I totally dropped the ball on this one.
I hadn't realized that the market for scripted TV programs in first-run syndication had completely evaporated until a few weeks ago, when I read that "Legend of the Seeker" was the only such series still on the air.
And now "Legend of the Seeker" has been canceled, too. That means the only first-run syndicated TV programs left are game shows and shows about retired judges telling stupid people exactly how stupid they are.
Chalk up another victim of the ever-changing television landscape.
There was a time, back in the 1990s, when most of the TV programs I watched regularly were in first-run syndication. That's probably because I am a science-fiction geek, and no genre thrived in first-run syndication the way sci-fi did during the '80s and '90s.
The show that ignited the boom was "Star Trek: The Next Generation."
When Paramount brought "Star Trek" back to television in 1987, it bypassed the broadcast networks, opting instead to sell the series directly to local stations and split the advertising revenue. It was a daring move at the time, and it probably dredged up memories of an earlier big-budget sci-fi series that tried to make a go of it in first-run syndication, "Space: 1999."
Unfortunately, "Space: 1999" didn't fare well.
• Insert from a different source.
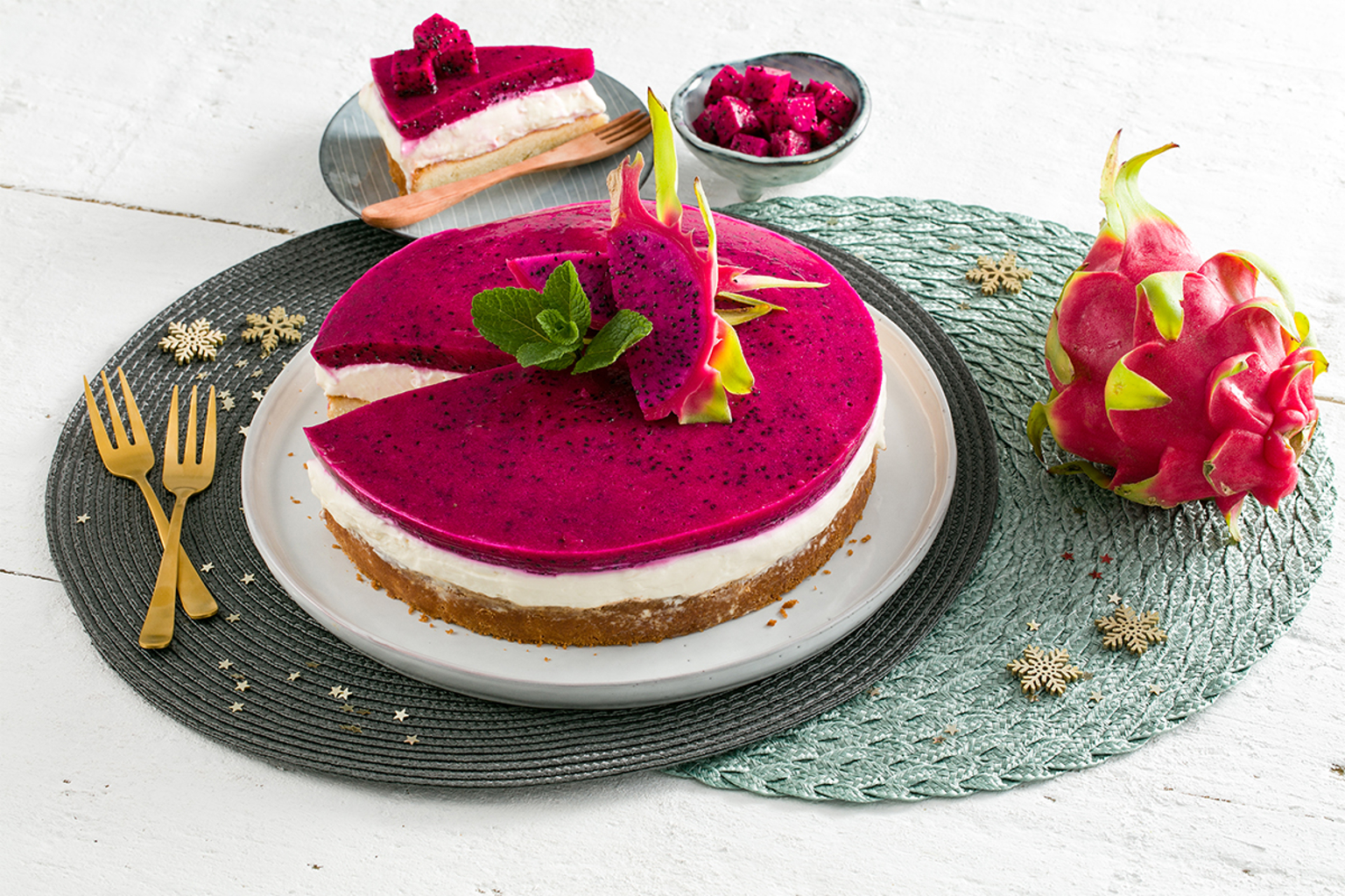 This festive cheese cake is an absolutely eye-catching dessert, but also perfect with a cup of tea or coffee. The red dragon fruit gives the cheesecake a mildly sweet flavour.

Airing from 1975 to 1978, it was the most expensive TV series of its time, and it starred Martin Landau and Barbara Bain, who were still well-known from their time on "Mission: Impossible." But "Space: 1999" failed to live up to its pre-launch hype, and only two seasons were produced.
"Star Trek: The Next Generation," however, was a ratings juggernaut. Its success led to a tsunami of sci-fi programs entering the marketplace, including its first spin-off, "Star Trek: Deep Space Nine."
Soon, the airwaves were full of syndicated SF, horror and fantasy programming.
Before he helmed the "Spider-Man" movies, Sam Raimi, along with Robert Tapert, produced "Hercules: The Legendary Journeys" and its even more popular spin-off, "Xena: Warrior Princess." J. Michael Straczynski created his ambitious SF "novel" for television, "Babylon 5." And the list of shows based on popular movie franchises seemed endless: "Highlander," "Freddy's Nightmares," "Friday the 13th: The Series" and "War of the Worlds."
Even "Star Trek" creator Gene Roddenberry got back into the game, despite having died in 1991. "Earth: Final Conflict" and "Andromeda," both based on Roddenberry's unused notes, entered syndication in 1997 and 2000, respectively. And in a weird twist of fate, both enjoyed longer runs — five seasons each — than the original "Star Trek," despite being shoddy, poorly written and generally awful.
But the syndication boom didn't last.
Paramount started its own channel, UPN, which aired the next two "Star Trek" series. And the launch of UPN and The WB — now merged as The CW — meant there were fewer independent stations needing to fill airtime with syndicated shows. Also, cable channels began to invest in their own original programming, which included "Babylon 5" moving from syndication to TNT for its final year.
At the same time, foreign markets evaporated, cutting off a major source of financing for America's syndicated dramas.
There were no scripted shows left in first-run syndication when Raimi and Tapert decided to give it another try in 2008 with "Legend of the Seeker," based on the fantasy novels of Terry Goodkind.
Now "Legend," too, is the stuff of legend, and a once-important chapter in TV history has become a footnote.